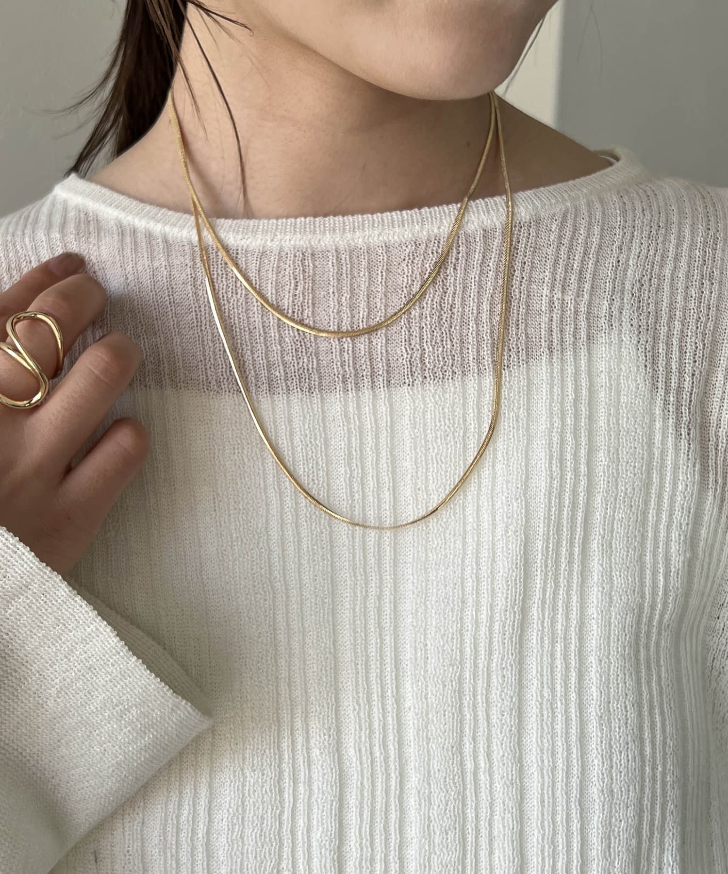 シンプルに1本で付けたり、お手持ちのネックレスと重ね付けしても◎
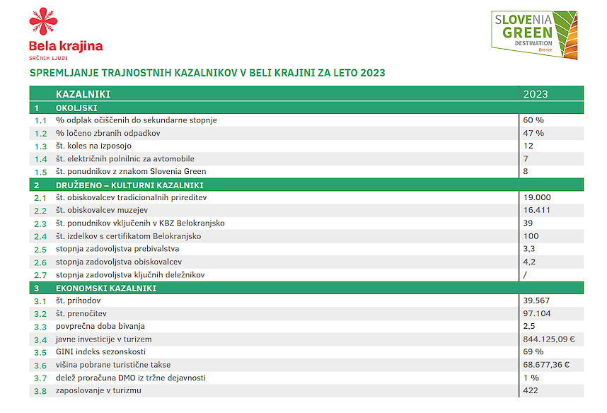 V Strategiji razvoja turizma destinacije Bela krajin 2024 – 2019, Bela krajina SKUPAJ je opredeljen ukrep Spremljanje izbranih trajnostnih kazalnikov (1.5.2). V destinacijski management organizaciji smo opredelili nabor trajnostnih kazalnikov za katere bomo izvajali redni monitoring. Ker je pomembno, da se podatki spremljajo skozi daljše časovno obdobje, smo za izhodiščno leto izbrali 2023.
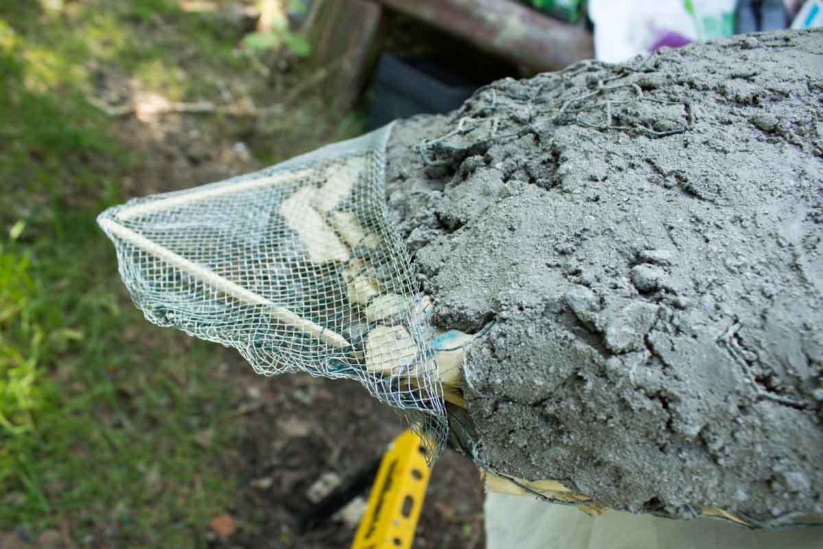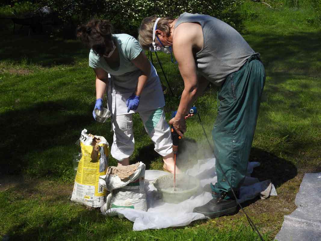 Betonimassan sekoittamiseen tarvittiin sanko ja pora, jossa oli sekoitin päässä. Veden lisäksi seokseen lisättiin kuivabetonia, ja lattiatasoitetta sekä vähän saumauslaastiakin. Talon isäntä auttoi betonimassan tekemisessä. Emme löytäneet enää reseptiä edellisen linnun seoksen koostumuksesta. Muistelimme yhdessä, mitä siihen laitettiin, mutta varmaa ei ole, onko massa missään määrin samanlaista kuin edellinen. Toivon mukaan se on kuitenkin säänkestävää!
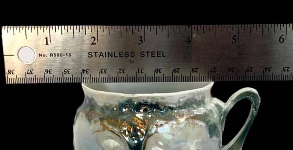 The first 9 photos (that I took) are all unedited. The luster of this teacup is in remarkably good condition. I do not have measurement photos of this teacup, but it is about 3-4 inches tall, including the handle. It’s not the tallest teacup, but it is very round, so it can hold a decent amount of tea.
....................
* **Exercise requirements**
The task requires restating verbatim the lines from the one that holds "Betonimassan sekoittamiseen tarvittiin" through the end of the listing, both ends counted, and no pictures.

* **Exercise result**
 Betonimassan sekoittamiseen tarvittiin sanko ja pora, jossa oli sekoitin päässä. Veden lisäksi seokseen lisättiin kuivabetonia, ja lattiatasoitetta sekä vähän saumauslaastiakin. Talon isäntä auttoi betonimassan tekemisessä. Emme löytäneet enää reseptiä edellisen linnun seoksen koostumuksesta. Muistelimme yhdessä, mitä siihen laitettiin, mutta varmaa ei ole, onko massa missään määrin samanlaista kuin edellinen. Toivon mukaan se on kuitenkin säänkestävää!
 The first 9 photos (that I took) are all unedited. The luster of this teacup is in remarkably good condition. I do not have measurement photos of this teacup, but it is about 3-4 inches tall, including the handle. It’s not the tallest teacup, but it is very round, so it can hold a decent amount of tea.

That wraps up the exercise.